Witnesses have said that a man was seen near the scene of the crime covered in blood and screaming: “I killed her, I killed her.”
He is described as blond with blue eyes, aged about 30, and wearing a fleece decorated with the Norwegian flag and a white woollen hat. Paramedics who found him wandering around, dazed, say that his hands, clothes and shoes were all bloody.
The emergence of another suspect raises further questions about the police investigation.
Ms Kercher, 21, had just begun an Erasmus studies course in Perugia when she was murdered at the whitewashed hillside cottage that she shared with Amanda Knox, an American student, and two female Italian students. Prosecutors allege that she was forced to her knees and had her throat cut after she refused to take part in a drug-fuelled sex game.
Three suspects in the case — Ms Knox, 20, her former Italian boyfriend Raffaele Sollecito, 24, and Rudy Guede, 20, an Ivory Coast immigrant and basketball player — are being held in prison. Appeals for their release have been rejected and investigators say that they will present their findings to a judge next month.

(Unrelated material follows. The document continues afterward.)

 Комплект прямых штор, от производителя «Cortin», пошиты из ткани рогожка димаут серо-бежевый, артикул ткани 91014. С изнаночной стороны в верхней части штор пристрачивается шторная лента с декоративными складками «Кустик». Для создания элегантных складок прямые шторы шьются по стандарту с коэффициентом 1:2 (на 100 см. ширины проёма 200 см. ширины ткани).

A fourth suspect, Diya “Patrick” Lumumba, a barman and musician of Congolese origin accused by Ms Knox of being the murderer, has been released because of a lack of evidence, but remains under investigation.

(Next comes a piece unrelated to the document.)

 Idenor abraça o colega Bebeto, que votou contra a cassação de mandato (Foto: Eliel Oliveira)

The existence of a fifth suspect apparently came to light by chance when local reporters in Umbria were writing an article about the local ambulance service. One of the doctors being interviewed said: “What happened to that boy with his shoes covered in blood in the Meredith Kercher case? We never heard any more about it.”
Asked to explain, the doctor told the reporters: “He was someone we knew well. We had often picked him up and had to deal with him.”

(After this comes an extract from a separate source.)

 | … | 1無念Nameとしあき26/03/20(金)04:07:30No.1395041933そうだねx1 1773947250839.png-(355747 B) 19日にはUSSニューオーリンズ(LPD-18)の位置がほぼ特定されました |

Members of the ambulance crew who found the man said that they had spotted him at 7am on November 2, several hours before Ms Kercher’s body was found at Piazza Grimana, a small tree-lined square and basketball court between the cottage and the University for Foreigners.
The man was washing his bloodied hands under a fountain. The paramedics said that when they approached him he had shouted: “Get out of here, all hell is going to break loose soon.” Other people in the square told the ambulancemen that they had seen the man in a phone box screaming down the phone: “I’ll kill you, you whore.”
“The hypothesis must be that a killer is still at large,” the newspaper La Stampa said. However, sources close to the murder investigation said that the man in question was a well-known drug addict in Perugia and had already been “taken into account”. Police had established that the woman he screamed at on the phone was his girlfriend. The man had been taken to hospital after being found by the paramedics, and then transferred to a home for drug addicts where he remained under close observation, investigators said.
Luca Mauri, a lawyer for Mr Sollecito, said that he would ask for the evidence about the “fifth suspect” to be put on the record. His description tallied with that given of the murderer by Mr Guede, who admits being at the cottage on the evening of the murder, but maintains that he was in the lavatory when the killer entered.
Defence lawyers said that Mr Guede had told investigators that the intruder resembled Mr Sollecito, but his description could equally well apply to the “fifth suspect”.